An l-value is something that has a name for the memory associated with it. Maybe I should give mad props to left curly brace too. They introduce the scope that objects live in. Write the class and give it a name and the constructor brings it into existence. The right curly brace ensures the destructor gets called on the object.

It is all under your control in C++ if you just spend some time learning how it works.

I keep forgetting…

…that not everyone knows what I know. Knowledge is hard won, but somehow after you know something it seems completely obvious. Even though it is not.

Some guy using my xll library kept pestering me to debug his code. It was clear to me he needed to invest more time learning C++. One dirty secret about open source software is that most people only complain about the problems they encounter. I am fine with that as long as they are pointing out shortcomings in my code. Not so much when they think I’m a free resource to fix their crappy code that has nothing to do with my library.

I’ve been lucky to have a couple of people that actually provided code I could use, but that seems to be as rare as rocking horse shit. I learned a lesson today from the guy that was calling me names for telling him he might not want to use my library.

C++ is hard. Really hard. But some fascinating things are going on in that world now. Some of the smartest people in the world have been making it easier to use. Google Bjarne Stroustrup and just listen to what he has to say. The world needs more people like him.

I’m teaching a course that uses C++ and it is still the case that people have trouble with just compiling and running a program. It is the price you pay for using a language that was designed to make it possible to get the maximum performance out of the latest silicon. It’s bits all the way down.
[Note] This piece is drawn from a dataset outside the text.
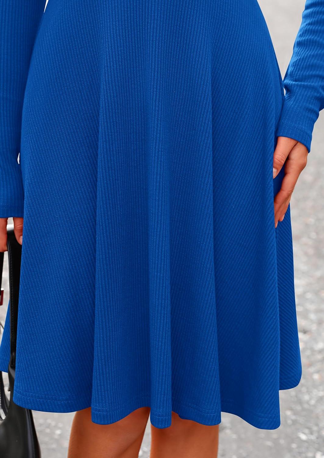 PRETTYGARDEN Women’s Fall Short Dress Ribbed Knit Crewneck Long Sleeve A Line Flowy Casual Elegant Going Out Winter Dresses(Blue)

Some people say C is high level assembly language. They are right. That is what Dennis Ritchie and Brian Kernighan wrote it for. Hardware was changing in bigger directions in their day than now. It was a total PITA to write a routine to, e.g., sort an array of numbers and have to keep rewriting it in the latest set of low level assembly instructions. Say a prayer tonight for the compiler writers who insulate you from having to understand such low level details.

The first stage is turning the characters you type as a C program into assembly code. The compiler that some very clever people wrote for you turns that into an object file that the machine you are working on can use. Don’t confuse that with object oriented programming which came much later. It is just a file of bits that the hardware can ultimately execute.
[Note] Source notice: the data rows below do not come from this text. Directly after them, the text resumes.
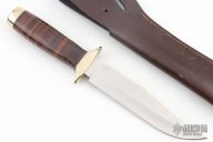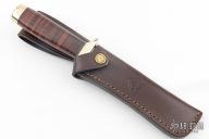 This Scout by Puma features a satin finished blade with false top edge and hidden tang construction, .168" blade stock and 1.255" blade depth.  The handle has a nickel silver guard and butt with a stacked leather grip. Includes original box and brown leather sheath. Excellent condition.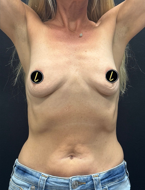42 year old woman shown 1 month after bilateral subglandular breast augmentation with mini profile Motiva implants. 245 right and 230 cc left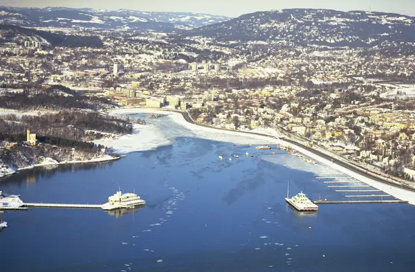 Frognerkilen med restaurantene Kongen og Dronningen. Bygdøy og Oscarshall lystslott til venstre, Frogner og Frognerstranda til høyre. Skøyen i bakgrunnen. (Flyfoto)

These object files can be collected into a library and be used by other programs. Static libraries (.lib or .a) copy the bits into the program you write. Shared libraries (.dll or .so) share those bits with all programs executing on your computer.
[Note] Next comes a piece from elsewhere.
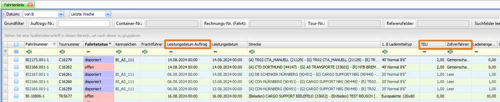 Im Menü Auftrag > Fahrtenliste wurden folgende drei Spalten neu hinzugefügt: TEU Zollverfahren Leistungsdatum Auftrag US#: 251922

The second stage is to link together object files (I’m lying a little, there are more stages) and provide a well known entry point to where the operating system can start doing exactly what you tell the computer to do.
To make something happen on your computer you have to execute a file. Sounds harsh, but these are names people called things before the age of political correctness.

The xll library it is a little bit different. Excel is already running. When you open an xll, which is just a dll, it looks for a function called xlAutoOpen and executes that. Set a breakpoint on it and step through all the tricky Excel SDK stuff you don’t have to worry about in order to call C/C++/Fortran.

I’ve updated to work with 64-bit Excel if you are following along with the latest. Go to Build/Configuration Manager… and set the platform to x64. Let me know if that is not working for you now, as long as you understand this is not an invitation to debug your code.